Total Synthesis of Misszrtine A (1)

Methyl ((S)-2-hydroxy-3-phenylpropanoyl)-L-tryptophanate (2)

To a solution of L-3-Phenyllactic acid (4.0 g, 24.0 mmol) in dry degassed DCM (100 mL) was added EDCI (4.56 g, 24.0 mmol), HOBt (3.24 g, 24.0 mmol), and L-tryptophan methyl ester hydrochloride (5.1 g, 20.0 mmol). After stirring for 30 h, the reaction mixture was concentrated and extracted with EtOAc (20 mL × 2). The combined organic extracts were washed with saturated aqueous NaHCO3 (20 mL × 2), dried over MgSO4, filtered, concentrated, and purified by flash chromatography over 200–400 mesh silica gel (PE/EA = 4:1) to give 2 as a light yellow oil (6.38 g, 87%). 1H NMR (300 MHz, CDCl3) δ 8.96 (s, 1H), 7.53 (d, J = 7.6 Hz, 1H), 7.47 (d, J = 8.1 Hz, 1H), 7.41–7.17 (m, 8H), 6.73 (s, 1H), 5.99 (dd, J = 12.9, 5.2 Hz, 1H), 4.36 (dd, J = 6.2, 3.6 Hz, 1H), 3.93 (brs, 1H), 3.61 (s), 3.36 (dd, J = 14.7, 7.2 Hz, 1H), 3.24–3.10 (m, 2H), 2.91 (dd, J = 13.7, 7.2 Hz, 1H). 13C NMR (75 MHz, CDCl3) δ 173.5, 136.9, 136.0, 129.6, 128.2, 127.1, 126.6, 123.2, 121.8, 119.2, 118.2, 111.4, 108.7, 77.4, 72.3, 52.2, 40.1, 27.5. HRESIMS m/z 367.1625 [M+H] + (calcd for C21H22N2O4 367.1652).

Methyl ((S)-2-((tert-butyldimethylsilyl)oxy)-3-phenylprop anoyl)-L-tryptophanate (3)

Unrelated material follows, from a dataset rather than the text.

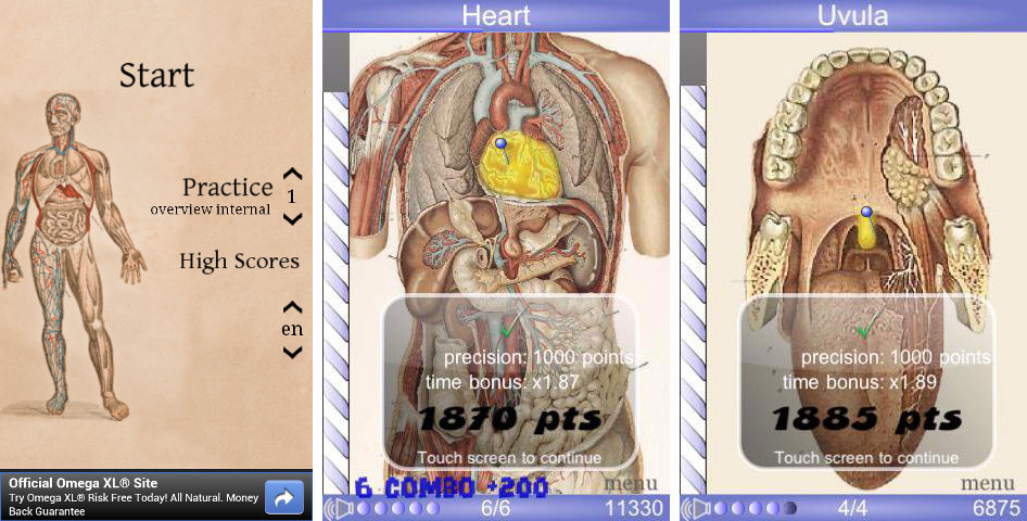 The faster and more precise you can point to a liver, a gallbladder or an incisor, the more points you earn. When you hold your finger over an image, a magnifying glass appears which allows you to achieve more precision and higher scores.

To a solution of 2 (1.83 g, 5.0 mmol) in dry MeCN (50 mL) was added imidazole (0.14 g, 2.0 mmol) and TBSCl (0.91 g, 6.0 mmol); After stirring for 2 h, the combined organic extracts were washed with saturated aqueous NaHCO3(10 mL × 2), dried over MgSO4, filtered, concentrated, and purified by flash chromatography over 200–400 mesh silica gel (PE/EA = 1:1) to give 3 as a yellow gum (2.30 g, 96%). 1H NMR (300 MHz, DMSO-d6) δ 10.9 (s, 1H), 7.35–7.23 (m, 5H), 7.19–7.12 (m, 2H), 7.05 (td, J = 8.1, 1.1 Hz, 1H), 6.96 (td, J = 8.1, 0.8 Hz, 1H), 6.83 (d, J = 2.3 Hz, 1H), 4.77–4.65 (m, 1H), 4.21 (dd, J = 7.5, 3.7 Hz, 1H), 3.58 (s, 3H), 3.18 (dd, J = 14.6, 5.9 Hz), 2.98 (dd, J = 14.6, 5.4 Hz, 1H), 2.88 (dd, J = 13.4, 3.6 Hz, 1H), 2.70 (dd, J = 13.4, 7.5 Hz, 1H), 0.61 (s, 9H), −0.25 (s, 3H), −0.33 (s, 3H); 13C NMR (75 MHz, DMSO-d6) δ 172.1, 171.9, 137.7, 136.6, 130.4, 128.3, 127.6, 126.8, 124.1, 121.4, 119.0, 118.4, 111.8, 108.5, 74.3, 52.4, 52.1, 41.4, 27.6, 25.8, 17.9, −5.3, −5.6.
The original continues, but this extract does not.